This week, we are confronted with a moment in Torah that is both painful and instructive. We read the story in parashat Shemini of Aaron’s two sons Nadav and Avihu. 

Our parashah begins with a description of Aaron and the priests tending to the sacrificial offerings commanded of them by God.  With great attention to detail, we read about the sin offering, the burnt offering, the meal offering, and the offering of well being: each offering a dramatic choreography of human and animal, of life and death; a biblical path to connection with God. 

And then, we read: 

“Now Aaron’s sons Nadab and Abihu each took his fire pan, put fire in it, and laid incense on it; and they offered before יהוה alien fire, which had not been enjoined upon them.And fire came forth from יהוה and consumed them; thus they died at the instance of יהוה.”

Another offering— but this one is called “אֵ֣שׁ זָרָ֔ה”--- a foreign or alien fire. Torah is silent on what made the fire alien, but the consequence is severe and startling. 

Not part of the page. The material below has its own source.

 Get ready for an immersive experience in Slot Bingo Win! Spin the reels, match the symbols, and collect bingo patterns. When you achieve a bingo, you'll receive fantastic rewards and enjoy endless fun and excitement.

Following the death of his two sons, we read:  וַיִּדֹּ֖ם אַהֲרֹֽן

Aaron was silent. 

Moses, his beloved older brother, appears to try to console and make meaning of Aaron's loss. Vayidom Aharon. But Aaron was silent.

What is one to make of his silence?

Why is he not screaming out with grief?

His life has literally gone up in flames.

Who could blame him for going silent?

Rolling back centuries, Vayidom Aharon -Rambam reads this to mean:And Aaron became silent. He writes,This means that he had cried aloud, and then he became silent.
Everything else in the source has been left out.